In a rotor blade according to the invention, the at least one
depression may be provided only in a section of the rubbing edge
which projects from the suction-side wall section of the
surrounding wall. In this way, the cooling of the section of the
rubbing edge which projects from the suction-side wall section of
the peripheral wall can be improved.
In one variant of the present invention, precisely one depression
is provided. This leads to a particularly simple embodiment of a
rotor blade according to the invention.
Alternatively, it is possible to provide a plurality of depressions
which are arranged mutually adjacently in the peripheral direction,
into each of which some of the cooling ducts open and which in
particular each have at least one above-mentioned feature. Multiple
depressions lead to a corresponding grouping of the cooling
ducts.
According to one variant, each cooling duct extends rectilinearly
and/or has a circular cross section with a diameter which lies in
the range of 0.25 mm to 2 mm and is advantageously 0.6 mm.
Here, the cooling ducts may be widened in the region of the cooling
fluid outlet openings, wherein the widenings in particular have the
form of a cylinder whose height is at most five times as large as,
advantageously as large as, the diameter of the cooling duct and/or
whose diameter is at most three times as large as, advantageously
twice as large as, the diameter of the cooling duct. Cooling fluid
outlet openings widened in this way may act as a diffusor and
correspondingly widen the exiting cooling fluid stream, with the
result that a large region of the rubbing edge can be cooled in
accordance with the principle of film cooling. As an alternative to
the cylindrical form, the cooling fluid outlet openings may also be
widened conically, semi-conically or in a fan-like manner.
Advantageously, the cooling ducts are formed as bores. Bores allow
rectilinear cooling ducts with circular cross section to be easily
introduced into a cast blade airfoil body.
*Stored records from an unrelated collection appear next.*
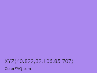 XYZ 40.822,32.106,85.707 Color is a light indigo color and the nearest color is Dull Lavender #a899e6. Hex code #aa87ef and RGB value is rgb(170,135,239). In RGB color space, this color is composed of 67% red, 53% green, 94% blue, In CMYK color space, this color is composed of 29% cyan, 44% magenta, 0% yellow , 6% black , In HSL color space, this color has a hue angle of 260° , 76% saturation and 73% lightness.
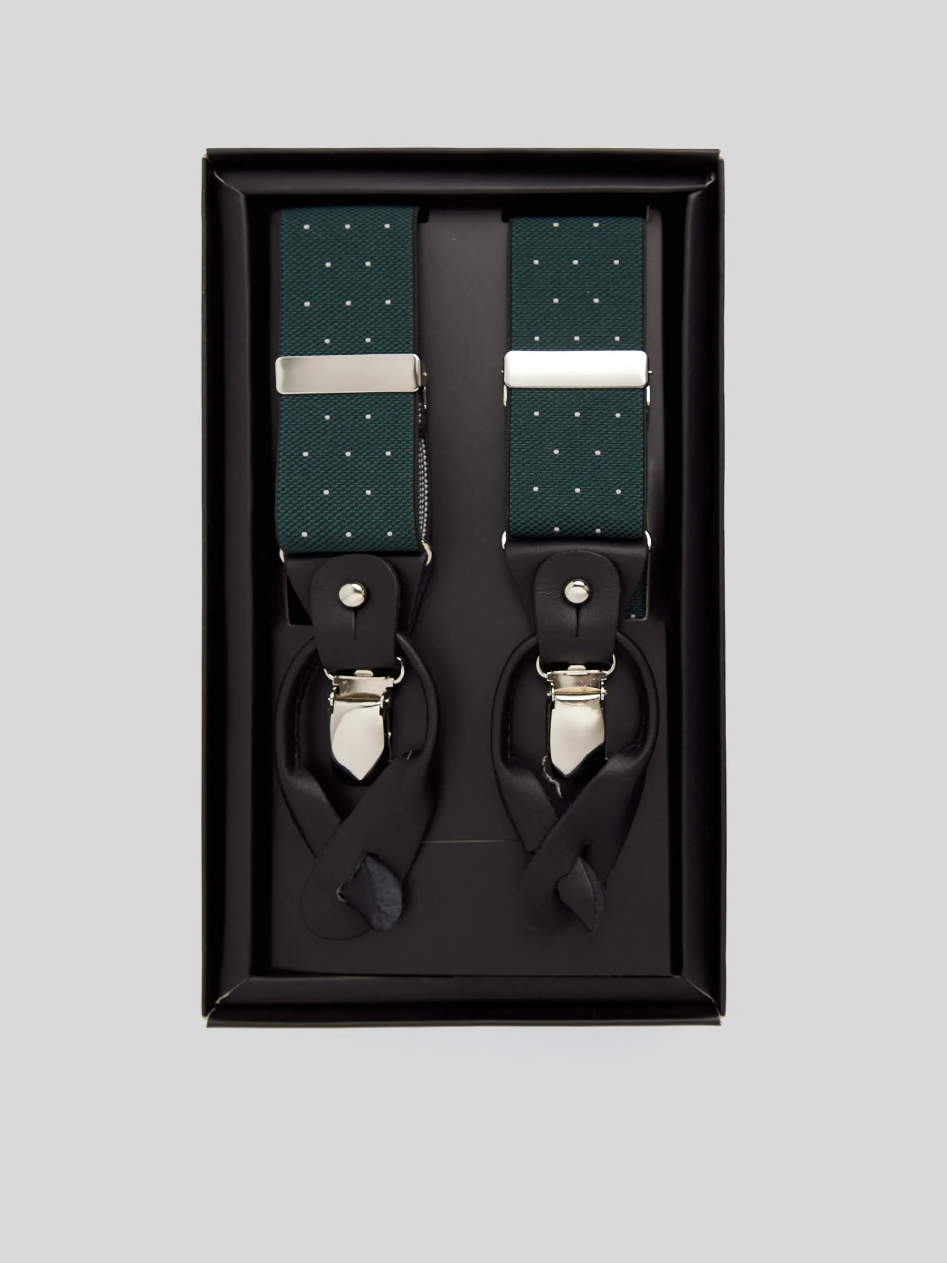 Tirantes elásticos y ajustables en color burdeos con puntos. Este tirante cuenta con detalles en piel vacuno de color negro con logo grabado a fuego. Incluye doble sujeción latiguillo y pinzas metálicas. Fabricado en España.
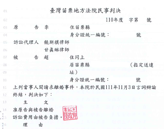 本件當事人主張對造婚後經常發生爭執,互相口出惡言,對造多次提議離婚,爭吵後經常與當事人分房而睡,且對造長期在住處堆放雜物,影響居住環境之清潔,兩造經常因此起爭執等情,委請本事務所提告離婚,經法院判決准予離婚。
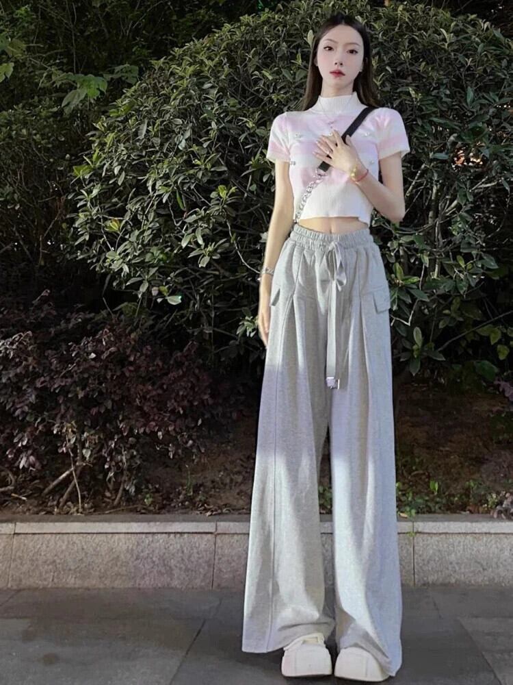 送料無料 アパレル Deeptown グレーワイドレッグジョガーパンツ女性 Kpop の基本オーバーサイズスウェットパンツ原宿だぶだぶのスポーツズボン かわいい ワイドパンツ AE121288787725677904212 | mihatudai(みはつばい)ネットショッピングならmihatudai
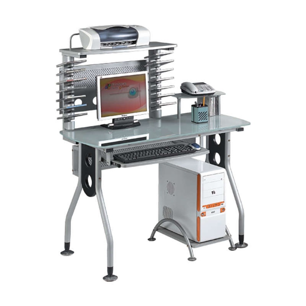 Γραφείο υπολογιστή,μεταλλικό μοντέρνου σχεδιασμού με σκελετό βαφής και επιφάνεια με γυαλί ασφαλείας αμμοβολής.Με δύο έξτρα υπερυψωμένα ράφια και θήκες για CD'S.Διαθέτει συρόμενη βάση πληκτρολογίου και έξτρα βάση για τον πύργο του υπολογιστή.
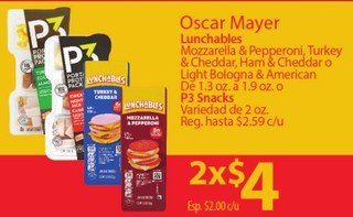 Oscar Mayer Lunchables Mozzarella & Pepperoni, Turkey & Cheddar, Ham & Cheddar o Light Bologna & American De 1.3 oz. a 1.9 oz.o P3 Snacks Variedad de 2 oz.
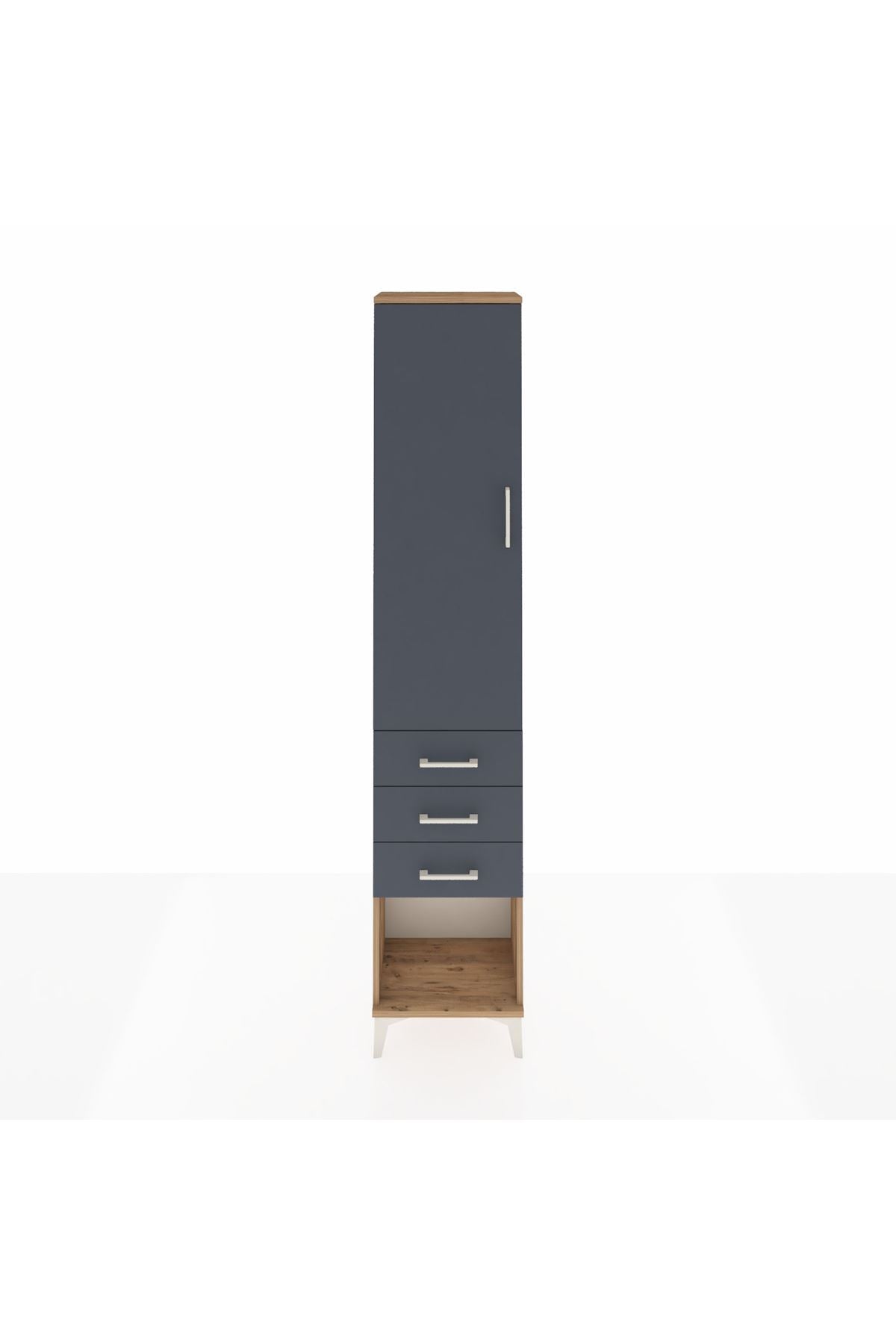 Arges Dolap 3 Raflı 3 Çekmeceli Tek Kapaklı 44x30x221 Çam-Antrasit
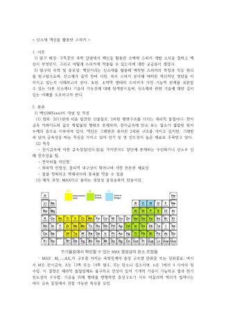 음악 선생님께서 자기 희망 진로와 맞는 음악적 주제를 선택해 발표하는 시간을 주셨는데, 저는 신소재 공학과 진학을 희망했기 때문에 신소재를 활용한 악기나 음악 장치들에 대해 소개하고자 관련 내용을 조사하고 탐구하는 과정을 거쳤어요. 이 보고서의 세부 목차 내용으로는, '1. 신소재 맥신이란 2. 맥신을 활용한 초박막 스피커와 기존 스피커 원리의 비교 3. 맥신의 타 분야에 대한 활용 방안'이 있습니다.

Advantageously, in relation to the radial direction, the cooling
ducts are inclined transversely with respect to the inner surface
of the rubbing edge so as to form a second inclination angle,
wherein in particular, the second inclination angles of the cooling
ducts, which angles are each measured in a plane which extends in
the radial direction and which perpendicularly intersects the
rubbing edge, are equal or approximately equal to the first
inclination angle of the inner surface of the rubbing edge. Cooling
ducts having such an inclination conduct from the inside to the
outer end region of the rubbing edge the cooling fluid exiting the
cooling fluid outlet openings.
According to a further development, a transition region between an
inner surface of the rubbing edge and the outer surface of the
crown base is rounded. This improves the aerodynamic properties of
the blade tip. Otherwise, the inner surface of the rubbing edge is,
as viewed along the radial direction, largely rectilinear.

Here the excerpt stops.